Nel 2018 poi questo termine ha avuto un tale successo che l’Oxford Dictionary l’ha definito “termine dell’anno”. Secondo la casa editrice infatti ci sarebbe stato un aumento del 45% delle volte in cui gli utenti avrebbero digitato la parola “toxic” sul motore di ricerca del dizionario online, abbinandolo persino a nuove parole. Tra queste parole al primo posto c’è “prodotti chimici”, mentre al secondo c’è “mascolinità“. Il dizionario ha spiegato questo fenomeno in relazione al movimento del “me too”, che ha puntato i riflettori sugli abusi subiti da molte donne e su una precisa cultura: quella della mascolinità tossica.
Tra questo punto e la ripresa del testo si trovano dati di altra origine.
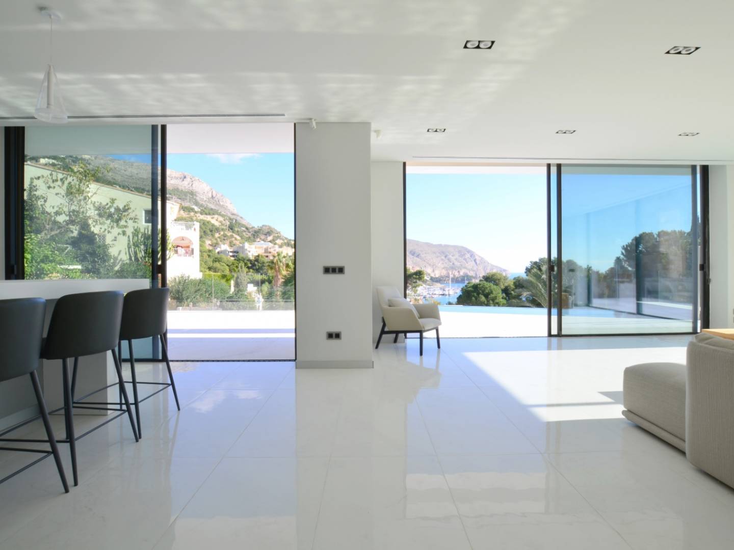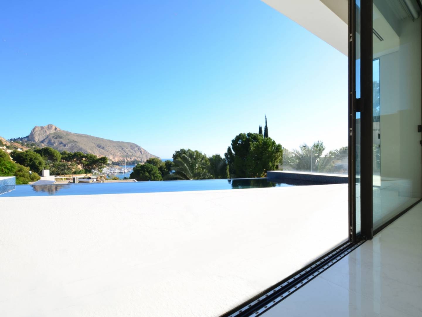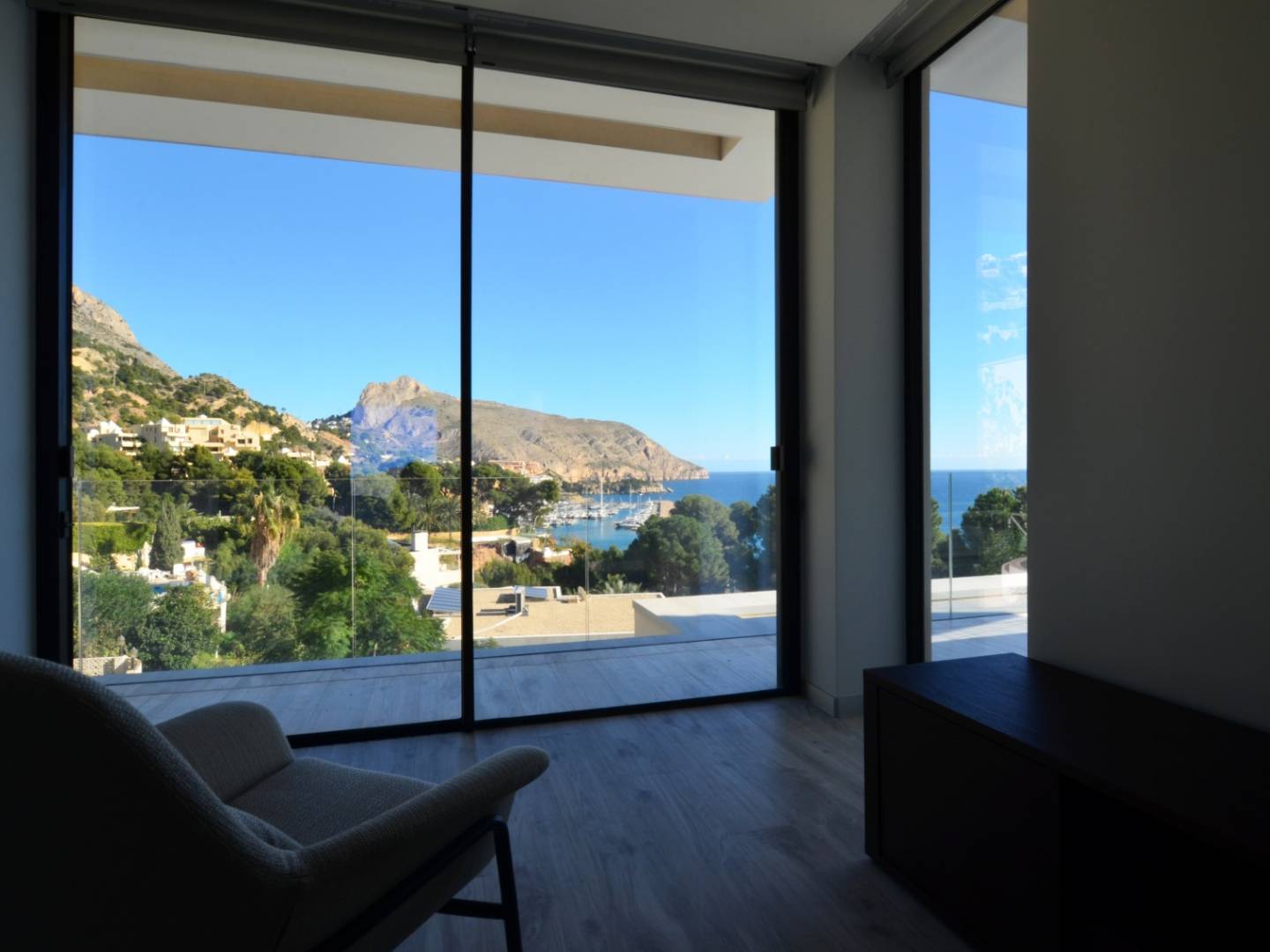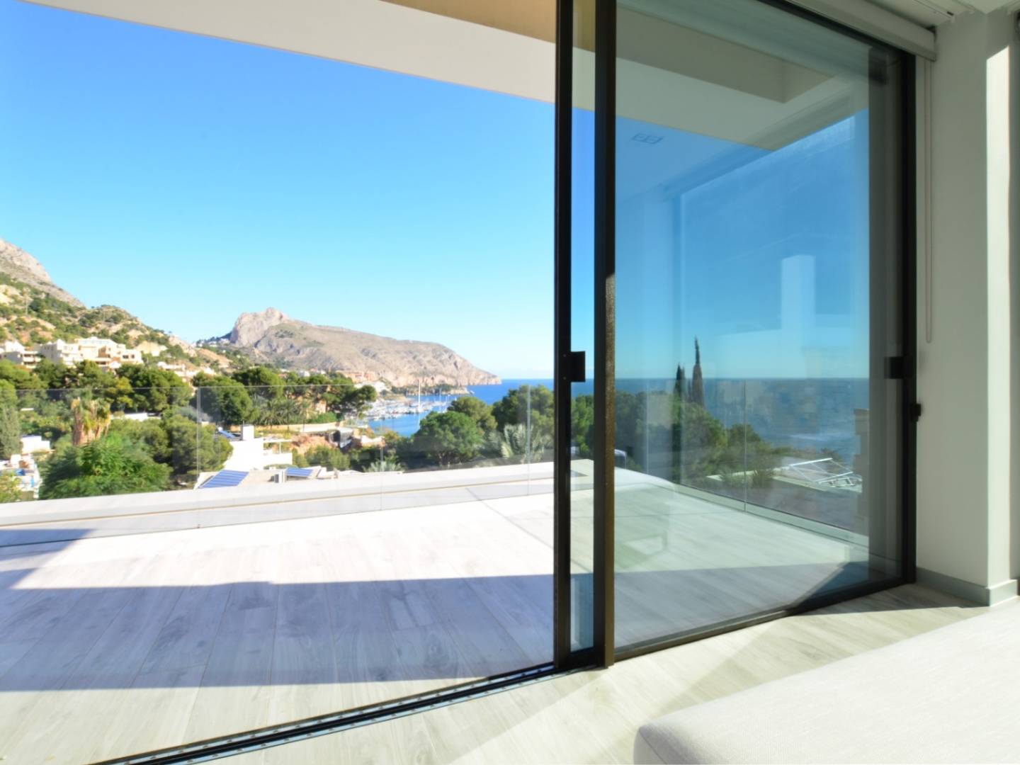 Herrliche Residenz auf drei Ebenen mit beeindruckendem Blick auf das Meer und den Hafen, gelegen in der Urbanisation Mascarat , nahe dem Zentrum von Altea . Nur wenige Schritte vom Strand und nicht weit vom Supermarkt MasyMas entfernt wurde dieses raffinierte Haus im Jahr 2020 erbaut und im Jahr 2021 fertiggestellt. Es zeichnet sich durch seine hochwertige Bauweise und Dekoration aus . Mit einer Gesamtfläche von 353 m2 und einem Grundstück von 965 m2 verfügt die Villa über einen schönen Infinity- Pool und eine Garage für zwei Fahrzeuge .

Oggi invece tossico è un aggettivo che funziona molto bene nella psicologia pop. È un termine colloquiale utilizzato da persone che non sono esperte nel settore, non fanno gli psicologi di professione ma non per questo si sottraggono dal descrivere le situazioni che vivono, raccontare gli atteggiamenti e i comportamenti degli altri. Il rischio però è che questa parola si sia inflazionata; dal voler caricare di senso e pesantezza quanto vissuto, tossico ha finito per significare ben poco, indicando problemi ben diversi tra loro. Il problema è che se ciascun problema viene definito tossico allo stesso modo di un altro, non solo non lo comprenderò nella sua peculiarità ma non permetterò neanche agli altri di farlo. Si corre questo rischio in tutti i campi: nelle relazioni, negli affetti e nell’ambito lavorativo. Condannare qualcuno di tossicità significa indirizzare la causa del nostro malessere a qualcosa di estraneo da noi e non affrontare il reale problema. Cosa voglia dire tossico è poi molto difficile da capire quando si tratta degli altri, con tossico si descrivono sia gli atteggiamenti arroganti e presuntuosi, sia persone con vere e proprie patologie psichiatriche. Non è proprio la stessa cosa e non ha senso accomunare cose così diverse tra loro per entità e gravità. Un discorso simile vale per gli ambienti di lavoro, se è vero che i social hanno aiutato moltissimi a prendere consapevolezza che certe situazioni lavorative sono dannose e se è vero che le persone possono ammalarsi a causa del lavoro ed arrivare al burn out, è anche vero che definire tossico il proprio lavoro non aiuta a comprendere cosa fa stare male i dipendenti. Il malessere può dipendere dalla mancata comunicazione, dalla disorganizzazione, dalla svalutazione, dalle lamentale, dall’atteggiamento dei colleghi o dei capi, dalla competizione o da un salario non adeguato per quello che viene svolto.
Per concludere possiamo riflettere su come il nuovo uso che si fa di questa parola rispecchi una mutata concezione e una nuova consapevolezza di salute, che non è solo quella fisica ma, come scrive l’OMS, rappresenta una condizione di completo benessere fisico, mentale e sociale.